I

Samantha Mollison ya se había comprado los tres DVD del grupo musical favorito de Libby. Los tenía escondidos en el cajón de los calcetines y las medias, al lado de su diafragma, y preparó una coartada por si Miles los encontraba: eran un regalo para Libby. A veces, en la tienda, donde últimamente había menos movimiento que nunca, buscaba fotografías de Jake en internet. Durante una de esas sesiones de búsqueda de imágenes —Jake con traje, pero sin camisa; Jake con vaqueros y camiseta de tirantes blanca— descubrió que el grupo iba a dar un concierto en Wembley dos semanas más tarde.

Libby se alegraría mucho si le regalaba una entrada; además, sería una oportunidad para pasar un rato juntas. Samantha tenía una amiga de la universidad que vivía en West Ealing; podrían quedarse a dormir en su casa. Más emocionada de lo que se había sentido en mucho tiempo, consiguió dos entradas carísimas para el concierto. Esa noche, cuando regresó a su casa, estaba radiante por el efecto de aquel delicioso secreto, casi como si llegara de una cita.

Miles estaba en la cocina; todavía no se había cambiado y tenía el teléfono en la mano. Al verla entrar se quedó mirándola con una expresión extraña, difícil de descifrar.

—¿Qué pasa? —preguntó Samantha, un poco a la defensiva.

—No consigo hablar con papá. Su teléfono comunica todo el rato. Han colgado otro mensaje.

Como ella lo miraba perpleja, añadió con un deje de impaciencia:

—¡El Fantasma de Barry Fairbrother! ¡Otro mensaje! ¡En la web del concejo!

—Ah —dijo Samantha desenrollándose la bufanda—. Vale.

—Acabo de encontrarme a Betty Rossiter por la calle y me lo ha contado. He mirado en el foro, pero no he visto nada. Mamá ya debe de haberlo borrado. Bueno, eso espero, porque si la Pelmaza va con esto a un abogado, mamá va a estar en la línea de fuego.

—¿Era sobre Parminder Jawanda? —dijo Samantha con tono deliberadamente despreocupado.

No preguntó de qué se la acusaba, en primer lugar porque estaba decidida a no ser una bruja entrometida y cotilla como Shirley y Maureen, y en segundo lugar porque creía saberlo ya: que Parminder era la responsable de la muerte de Cath Weedon. Tras una breve pausa, preguntó con cierto retintín:

—¿Y dices que tu madre va a estar en la línea de fuego?

—Bueno, es la administradora de la página web, así que podrían responsabilizarla si no elimina cualquier afirmación difamatoria o potencialmente difamatoria. No estoy seguro de que mis padres comprendan la gravedad de todo esto.

—Podrías defender a tu madre. A ella le encantaría.

Pero Miles no la oyó. Pulsaba una y otra vez la tecla de rellamada y fruncía el entrecejo, porque el teléfono de su padre seguía comunicando.

—Esto se está poniendo muy feo —dijo.

—Cuando era Simon Price a quien atacaban no te parecía tan grave. ¿Qué diferencia hay?

—Si es una campaña contra los miembros del concejo, o contra los candidatos…
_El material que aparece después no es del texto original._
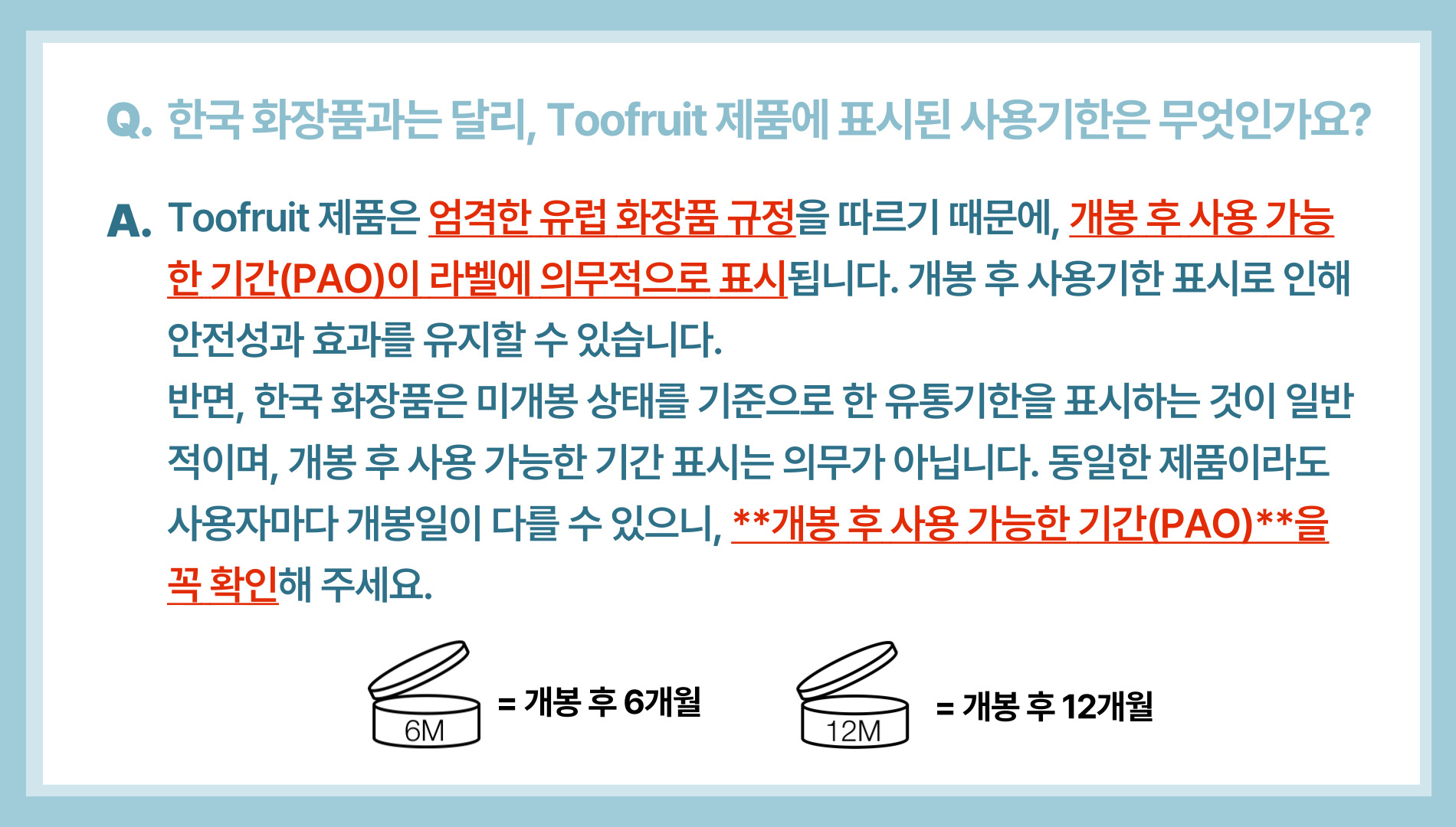 A. 네, 투프루트 제품은 유럽 기준에 따라 라벨에 개봉 후 사용기한(PAO)이 표시되어 있습니다.

Samantha se dio la vuelta para ocultar una sonrisa. Al fin y al cabo, no era por su madre por quien Miles estaba preocupado.

—Pero ¿qué quieres que publiquen sobre ti? —preguntó con fingida inocencia—. Tú no tienes secretos.

«Si los tuvieras, a lo mejor serías más interesante.»

—¿Y esa carta?

—¿Qué carta?

—Por amor de Dios. ¡Mamá y papá dijeron que había llegado una carta, una carta anónima sobre mí! ¡Ponía que no le llegaba a la suela del zapato a Barry Fairbrother!

Samantha abrió la nevera y contempló su poco apetecible contenido, consciente de que su marido no podía verle la cara con la puerta abierta.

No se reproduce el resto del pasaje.